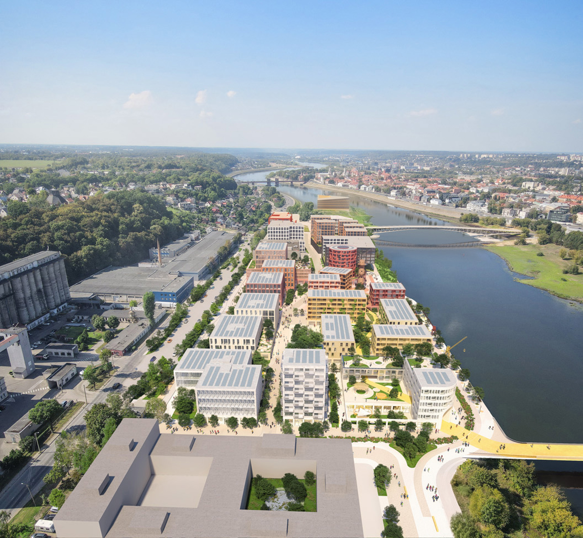 Until now, the left bank of the Nemunas has been characterised by industrial uses. Some of these are now being replaced by Nemunaičiai, an emerging neighbourhood being planned in multiple phases by developer SBA Urban. Catalysed by a pedestrian bridge that is soon to connect Kaunas’ historic city centre, the neighbourhood represents a critical moment in the development of Kaunas, as the city’s urban core expands to the other side of the river.
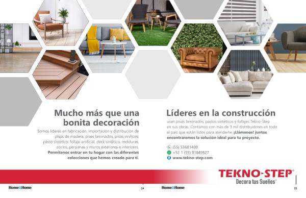 usan pisos laminados , pastos sintéticos y follajes Tekno-Step en sus obras . Contamos con más de 3 mil distribuidores en todo el país que están listos para atenderte . ¡ Llámanos ! juntos encontraremos la solución ideal para tu proyecto .
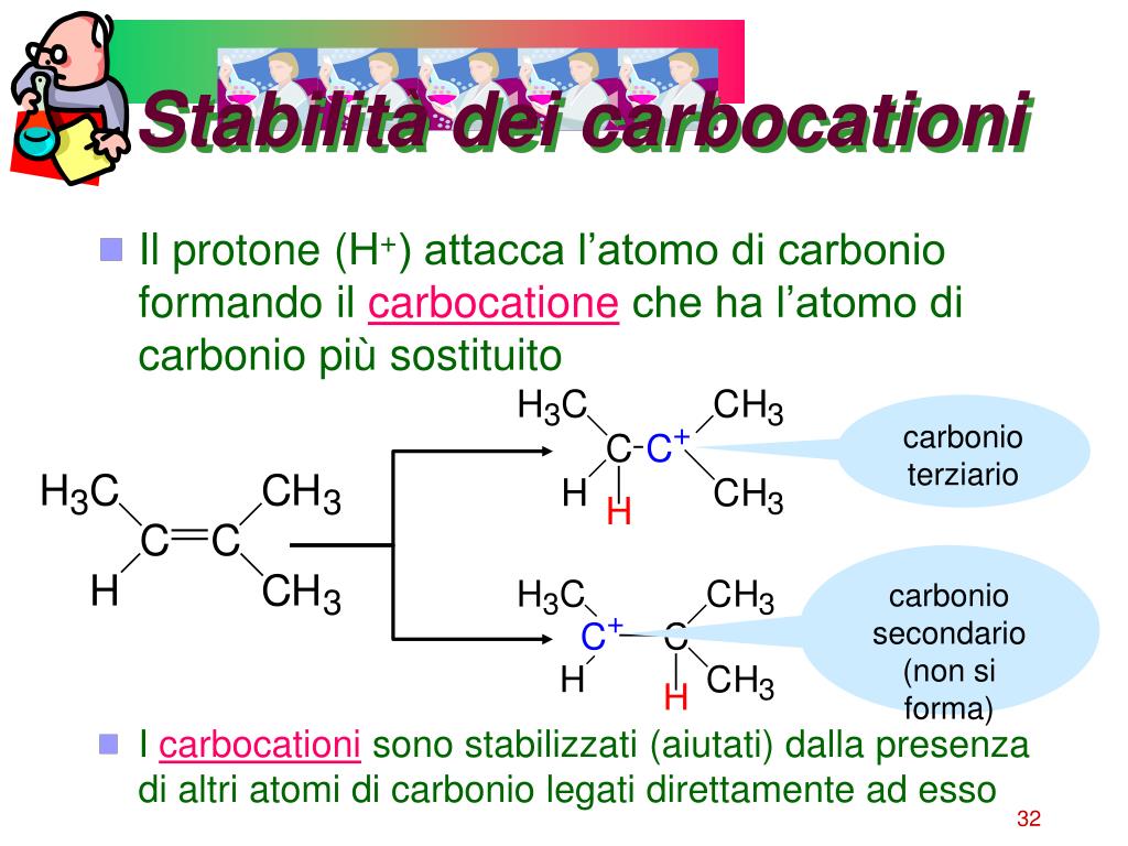 Stabilità dei carbocationi • Il protone (H+) attacca l’atomo di carbonio formando il carbocatione che ha l’atomo di carbonio più sostituito carbonio terziario carbonio secondario (non si forma) • I carbocationi sono stabilizzati (aiutati) dalla presenza di altri atomi di carbonio legati direttamente ad esso

§ Problem statement:
Nothing should be printed except the lines from the one with "usan pisos laminados" through the last line of the listing above, both ends included; please drop the pictures.

§ Problem solution:
 usan pisos laminados , pastos sintéticos y follajes Tekno-Step en sus obras . Contamos con más de 3 mil distribuidores en todo el país que están listos para atenderte . ¡ Llámanos ! juntos encontraremos la solución ideal para tu proyecto .
 Stabilità dei carbocationi • Il protone (H+) attacca l’atomo di carbonio formando il carbocatione che ha l’atomo di carbonio più sostituito carbonio terziario carbonio secondario (non si forma) • I carbocationi sono stabilizzati (aiutati) dalla presenza di altri atomi di carbonio legati direttamente ad esso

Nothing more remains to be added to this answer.